### Activity
In the material below, find the line containing "A4サイズで名刺を整理。見開きで20枚の名刺が見られる。" and output it and all lines after it exactly, through the last one, without the pictures.

### Stored data
==*==

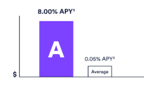 8.00% Annual percentage yield (APY)¹ High Yield Interest account. That's 160x what the national average savings bank account offers.
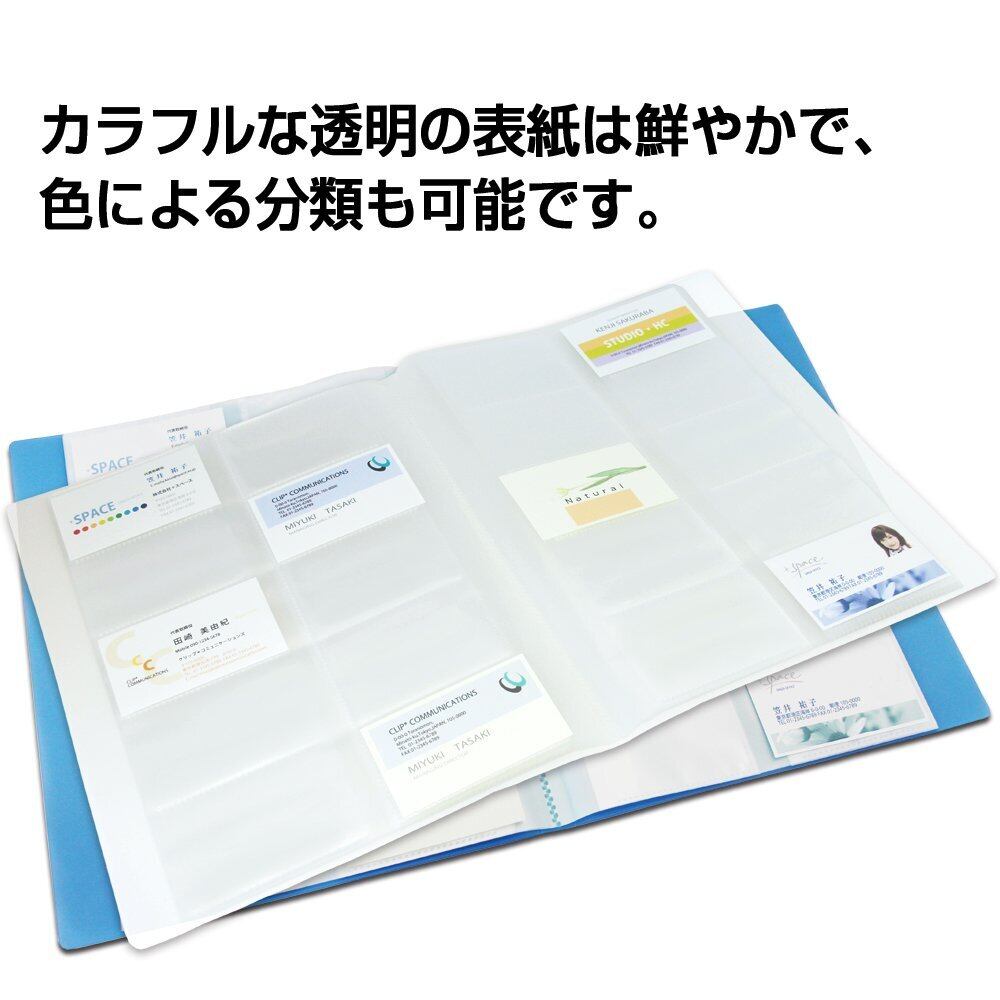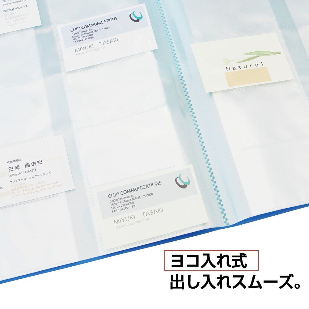 A4サイズで名刺を整理。見開きで20枚の名刺が見られる。
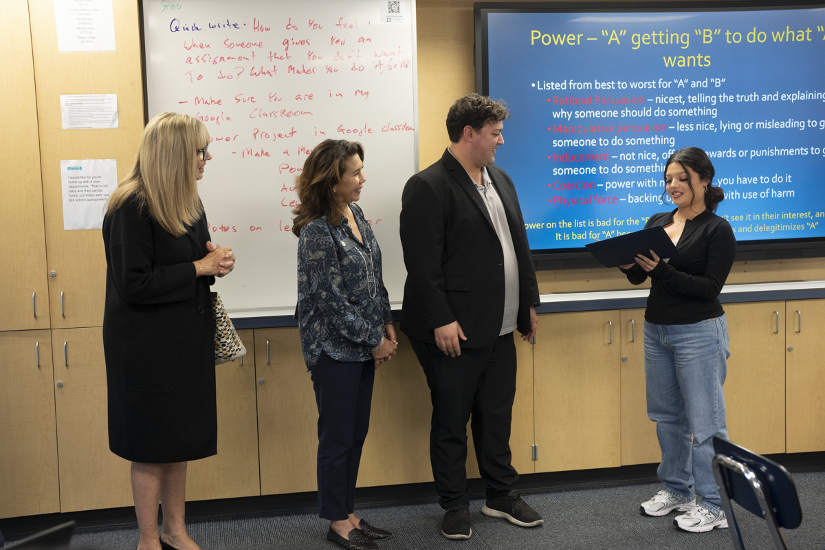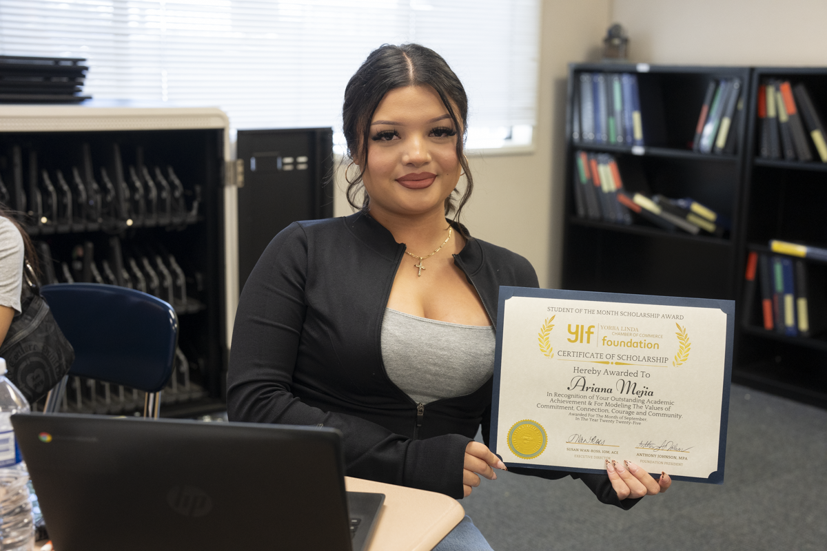 On Wednesday, October 22, the Yorba Linda Chamber of Commerce Foundation surprised El Camino Real High School senior, Ariana Mejia, by naming her the September Student of the Month.

==*==

### Written response
 A4サイズで名刺を整理。見開きで20枚の名刺が見られる。
 On Wednesday, October 22, the Yorba Linda Chamber of Commerce Foundation surprised El Camino Real High School senior, Ariana Mejia, by naming her the September Student of the Month.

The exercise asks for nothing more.